Cheverny
"Cheverny smells of old wood and leather and something cooking from somewhere you can't quite locate. It smells lived in, which no other Loire château does."
I drove to Cheverny through the Sologne forest on a grey October morning, following a road that passed through trees and then more trees and eventually came out into a clearing where the château stood: absolutely white, absolutely symmetrical, its classical seventeenth-century facade so perfectly balanced that it looks less like a building someone designed and more like a building that arranged itself out of sheer architectural logic. The formal garden in front is modest by Loire standards. The façade needs no embellishment.
What separates Cheverny from every other major Loire château is that the Hurault family has owned it continuously since 1634. They still live here — in an apartment in the left wing that remains private and closed to visitors. This arrangement is immediately legible when you walk inside. The royal châteaux, even the great ones, feel like well-maintained echoes of something absent. Cheverny feels like a house whose owners have just stepped out. The rooms are furnished with their original contents — Flemish tapestries that have hung on these walls for three hundred years, portraits of family members going back to the seventeenth century, a dining room set with silver and crystal that looks ready to be used rather than admired.

There is a King’s Chamber with a canopied bed and a painted ceiling and walls covered in Persian embroidered silk that a visitor in 1650 would have recognized and found perfectly current.

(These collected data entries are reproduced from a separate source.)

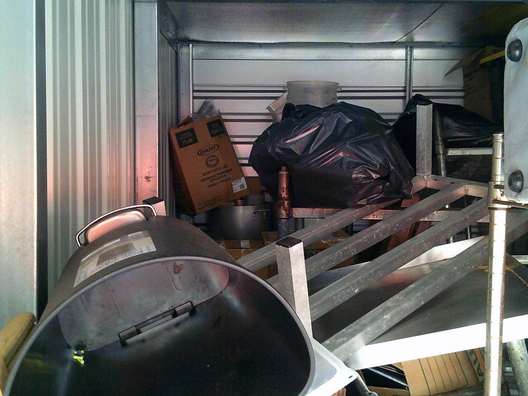 This unit appears to contain…READ ALL AUCTION RULES BEFORE BIDDING!!! Unit appears to contain: tables, sink, coffee maker, kitchen racks, TVs, fridge, folding chairs, wall art, kitchen utensils, highchair, printer, microwave, boxes, refrigerator deli prep stations, totes
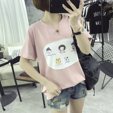 2017夏装新款韩国卡通印花插肩短袖女t恤学生宽松韩版体恤衫女潮
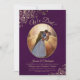 Cette belle invitation de réception de mariage ou de soirée après-mariage présente un titre élégant en écriture cursive indiquant "Nous l'avons fait !". Elle a un design simple mais élégant avec des lettres en écriture dorée fantaisie sur un fond prune profond violet, et votre photo dans un cadre ovale entouré de volutes et de fioritures en faux feuille métallique ornementées. Parfait pour les mariages en petit comité ou les célébrations qui ont lieu après une cérémonie privée. Une excellente façon d'inviter votre famille et vos amis à célébrer votre amour.
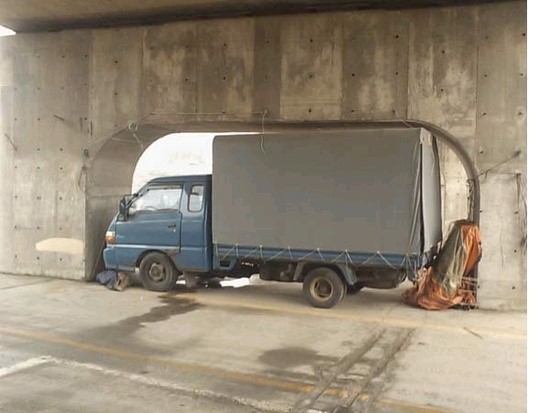 사진 속 SUV 및 승합차, 트럭 등의 뒷바퀴가 옹벽 끝에 아슬아슬하게 걸쳐져 있는데요.
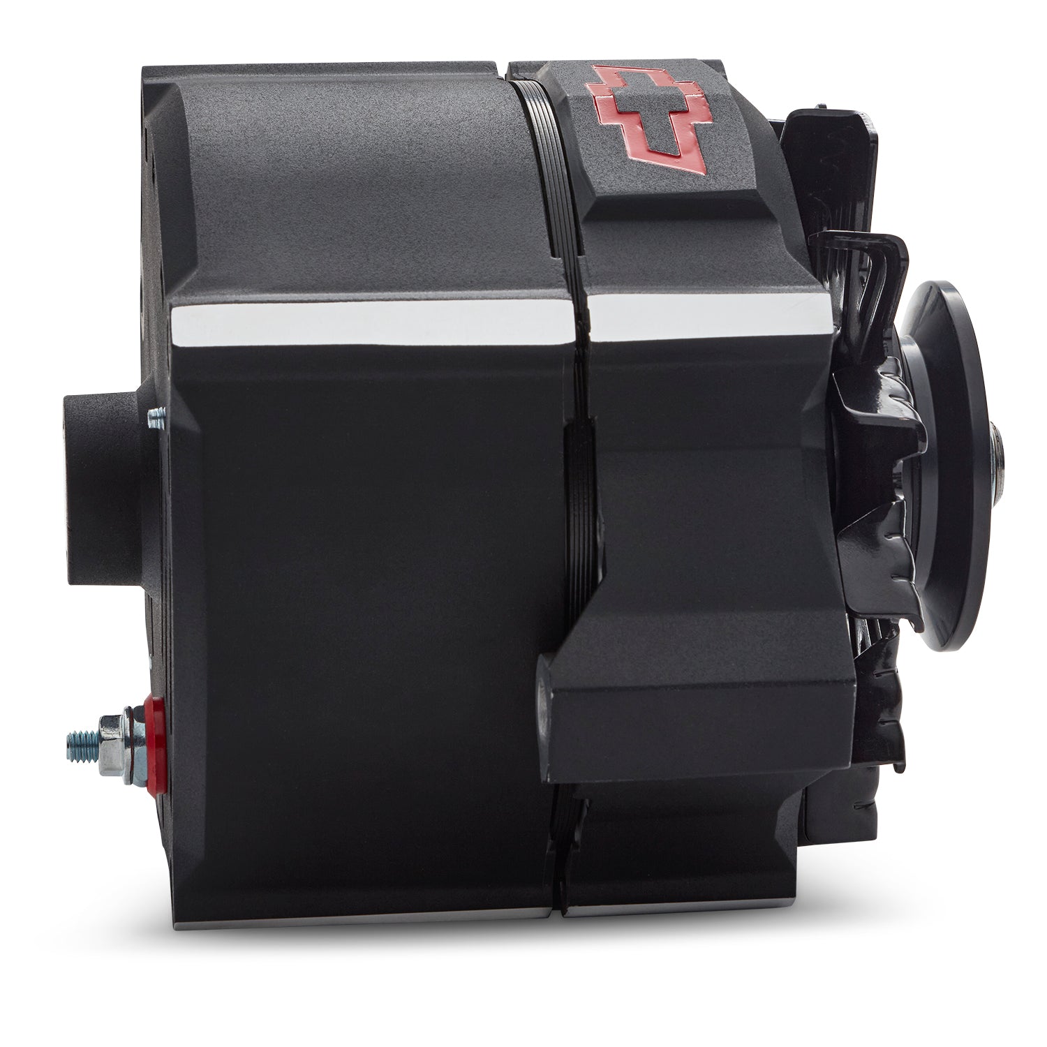 Alternator - Slant-Edge - 100 amps - 12V - 1-Wire - Internal Regulator - Single V-Belt Pulley - Chevy Bowtie Logo - Aluminum Case - Crinkle Black Powder Coat - Each
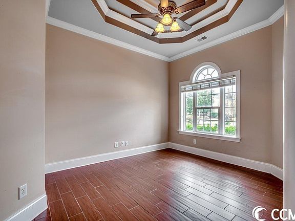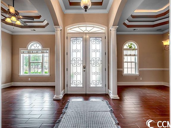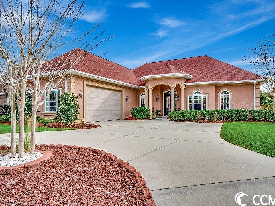 Elegant, Mediterranean-style, single level 3 BR/2.5 BA custom home loaded with upgrades! This Dream Home showcases many stunning architectural features, including a Formal Living Room and Formal Dining Room that greet you as you enter this gorgeous home, both with stunning double tray ceilings and columns. Master Bedroom is spacious and also has a double tray ceiling, along with a Master Bath fit for a king. Boasting double sinks, granite counter tops with an additional vanity, a separate tub and tiled shower and walk-in closet. Open Floor Plan allows for gracious entertaining and comfortable living. The split bedroom floor plan offers lots of privacy, and has a Family Room that separate the bedrooms and huge Kitchen. Tons of custom cabinets with raised panels, crown molding, granite counters and a gas range, along with a 2022 Smart Refrigerator. Adjacent to the Gourmet Kitchen is a generous Eating Area and an additional TV Room/Family Room with built-in cabinets. From there, you'll have access to the Outdoor Living Area, private pool/fountain combination and fenced rear yard. Lots of walk-in storage above garage! Close to all Myrtle Beach has to offer, including many fine restaurants, shopping and of course, the beach! Put this one on your "Must See" list. You'll be glad you did!

There is a weapons room with an arrangement of muskets and swords that covers an entire wall in a decorative sunburst pattern, which is either menacing or theatrical depending on your perspective. There is a room where the family’s trophy stag heads are displayed with plaques noting the date and location of each hunt — not as a museum piece but as a record of continuing practice. The current viscount still hunts. The dogs are still here.
The kennels — the Orangerie des Chiens — house a pack of seventy French hunting hounds, and at five in the afternoon they are fed. This is not a gimmick: the daily feeding has gone on here for as long as the château has been occupied, and watching it involves standing at a fence while seventy dogs of immaculate breeding charge from their kennel as a collective mass of muscle and noise, fall upon their dinner, and finish in approximately ninety seconds. The silence afterward is remarkable. I was not the only visitor who stood at the fence saying nothing.

Hergé modeled Moulinsart — Tintin’s castle — on Cheverny, and the château leans into this gracefully with a small Tintin museum at the entrance, which is either the most appropriate or most incongruous thing depending on how you feel about Tintin. I found it charming. The connection is real — the same white classical symmetry, the same sense of a house taken seriously by its occupants. The Captain Haddock energy is also present in the hunting room, which I don’t think is accidental.
When to go: April and May for the gardens and spring light on the white facade. September and October for the hunting season energy and a visit that aligns with the domaine’s wine harvest — Cheverny and Cour-Cheverny appellations are produced from the estate vineyards and available at the cave beside the entrance. Avoid peak July and August afternoons; the château is intimate and feels crowded with large groups.